WHAT THE EXERCISE ASKS:
Below, find the line containing "Безжична мишка Trust"; from there to the final line, print every line exactly and skip the pictures.

DATA EXCERPT:

*** Begin section ***

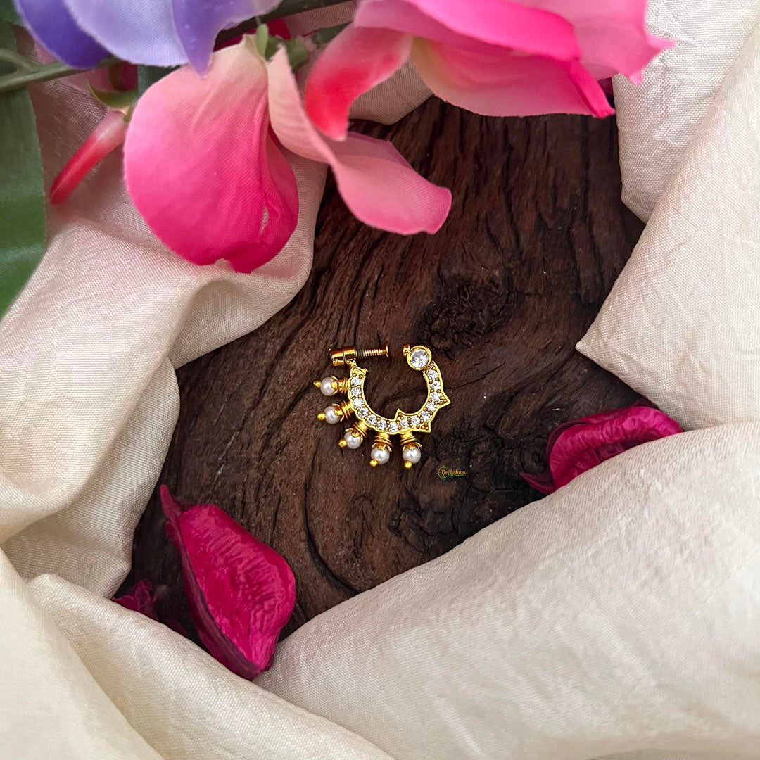 Gold Alike AD Stone Nath / Nose pin-White-Pearl-G13900
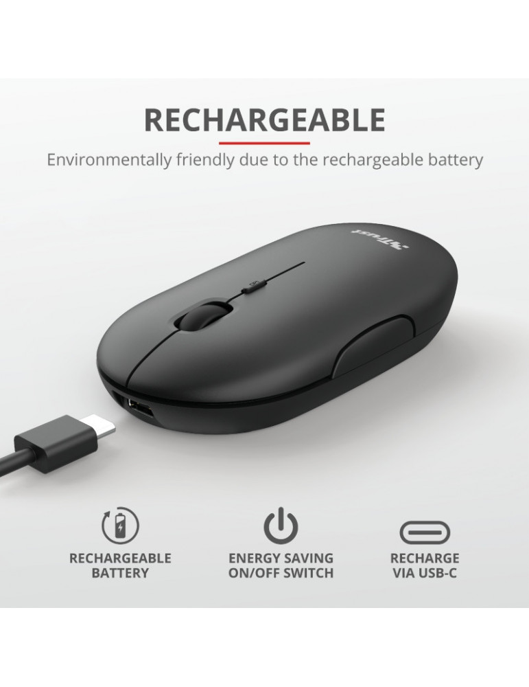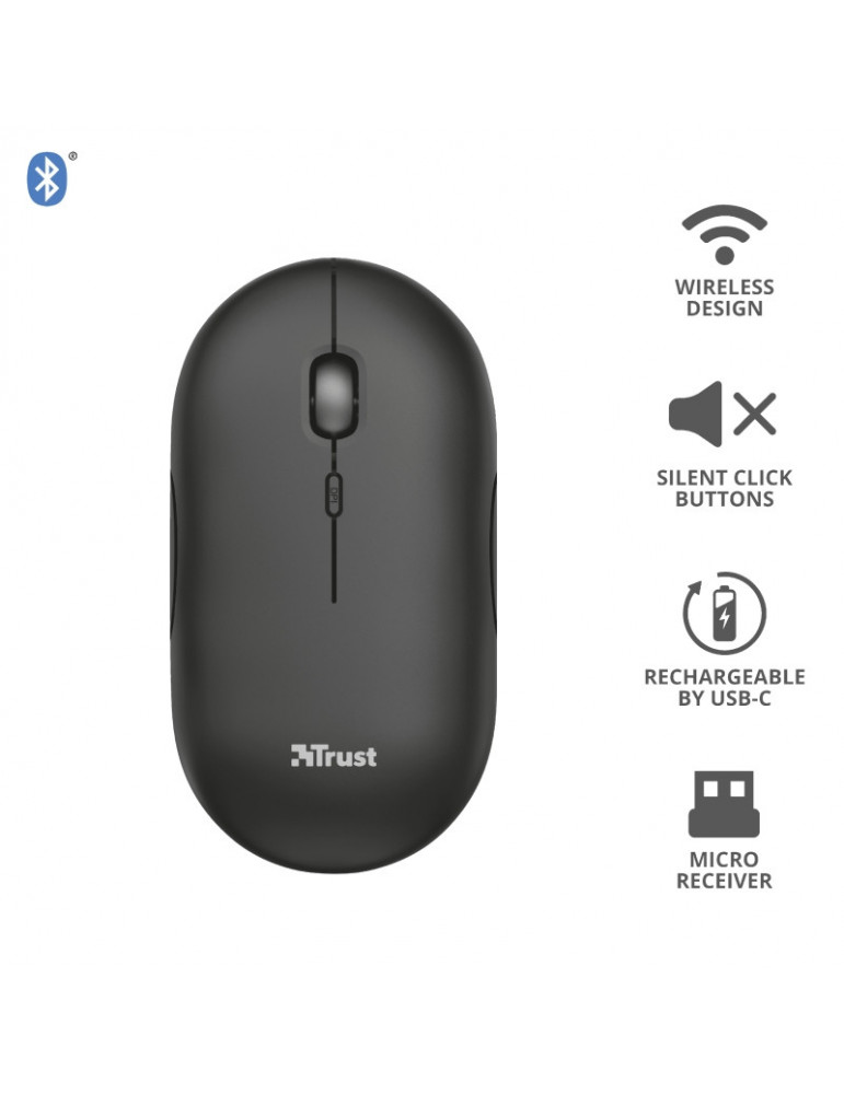 Безжична мишка Trust Puck, презареждаща се, Bluetooth, черен - 24059
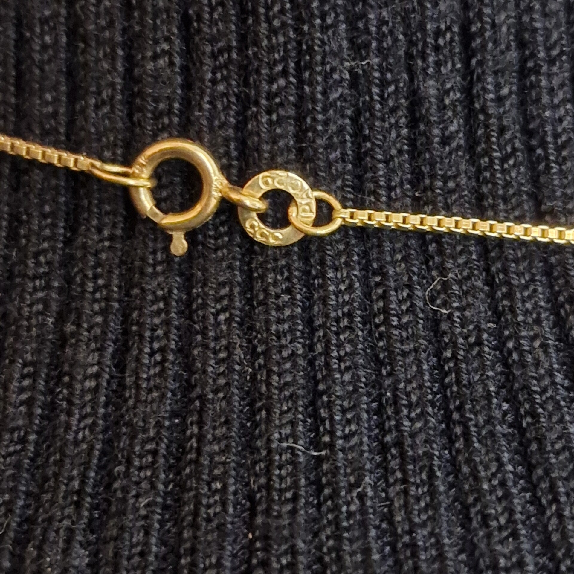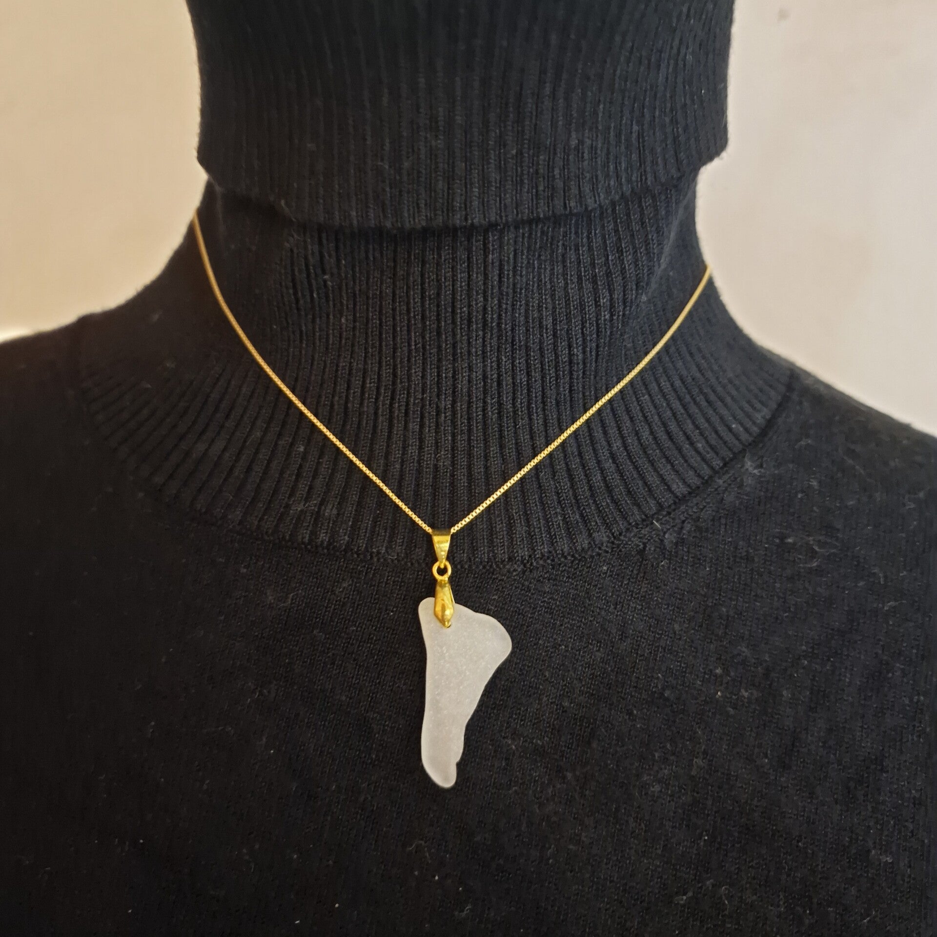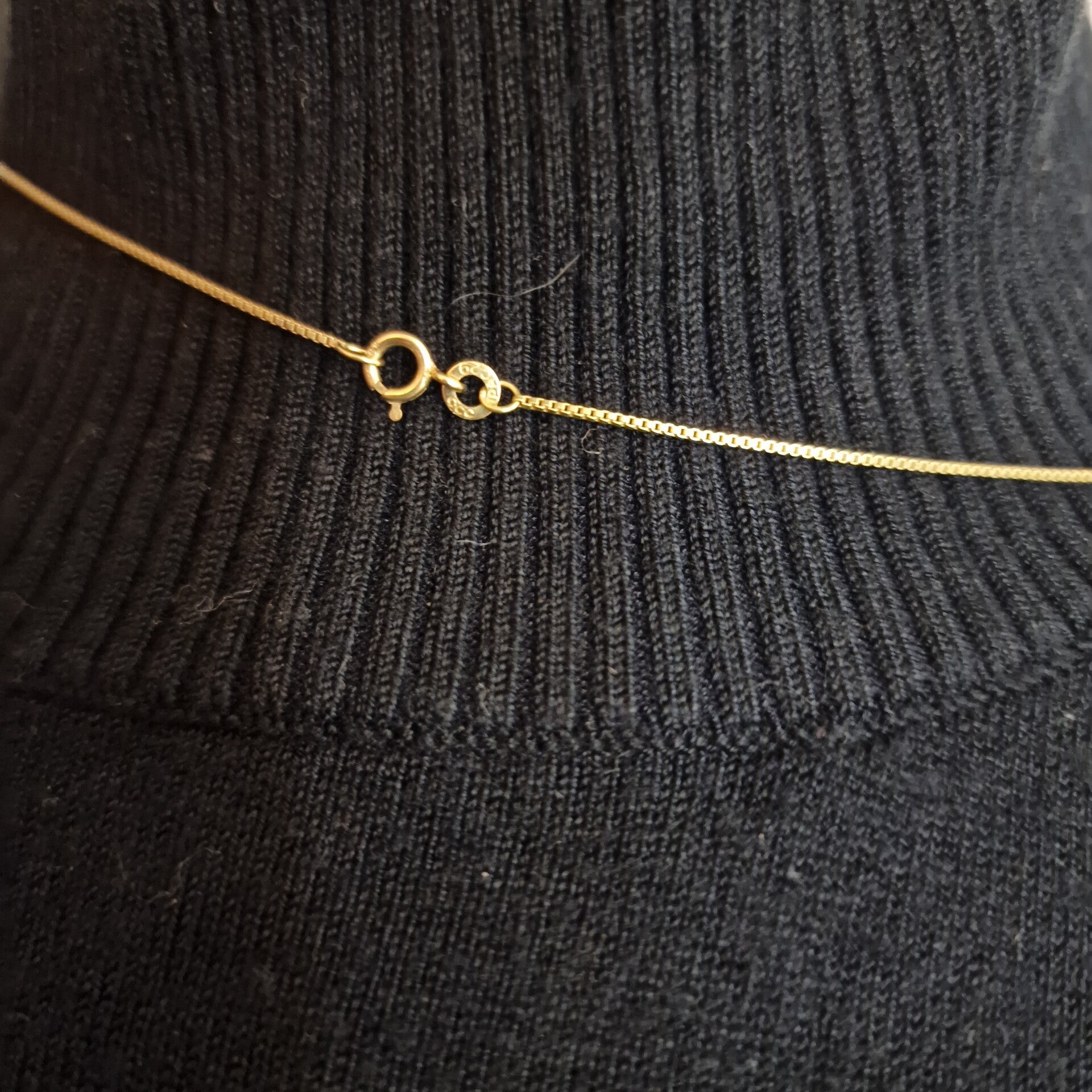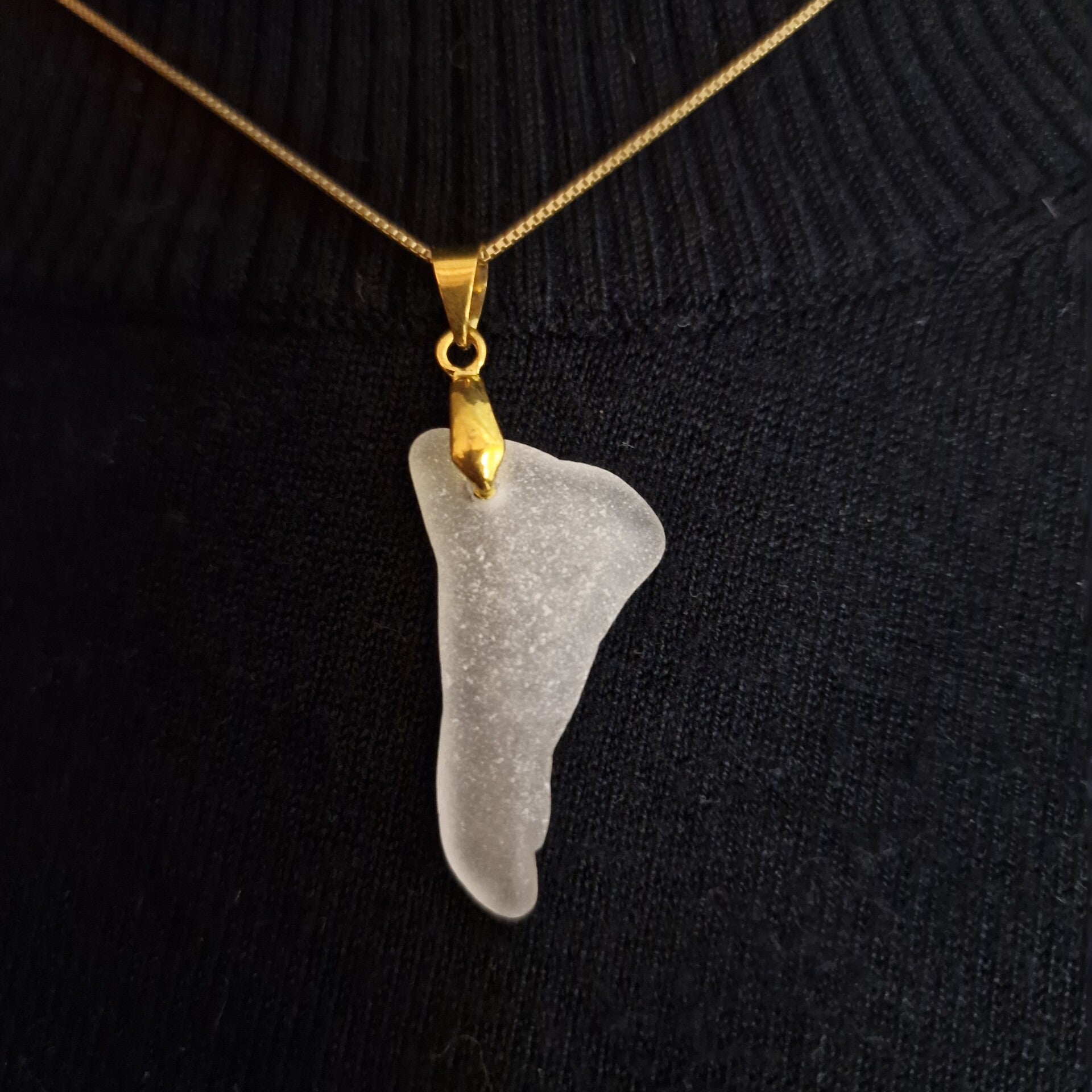 Eine feine 333/- Gelbgoldkette mit Seeglasanhänger, der an die Silhouette einer Insel erinnert. Die Kette hat eine Gesamtlänge von 40 cm und wiegt 1,37 g. Der Anhänger ist 3,3 cm hoch.

*** End section ***

SOLUTION TO THE PROBLEM:
 Безжична мишка Trust Puck, презареждаща се, Bluetooth, черен - 24059
 Eine feine 333/- Gelbgoldkette mit Seeglasanhänger, der an die Silhouette einer Insel erinnert. Die Kette hat eine Gesamtlänge von 40 cm und wiegt 1,37 g. Der Anhänger ist 3,3 cm hoch.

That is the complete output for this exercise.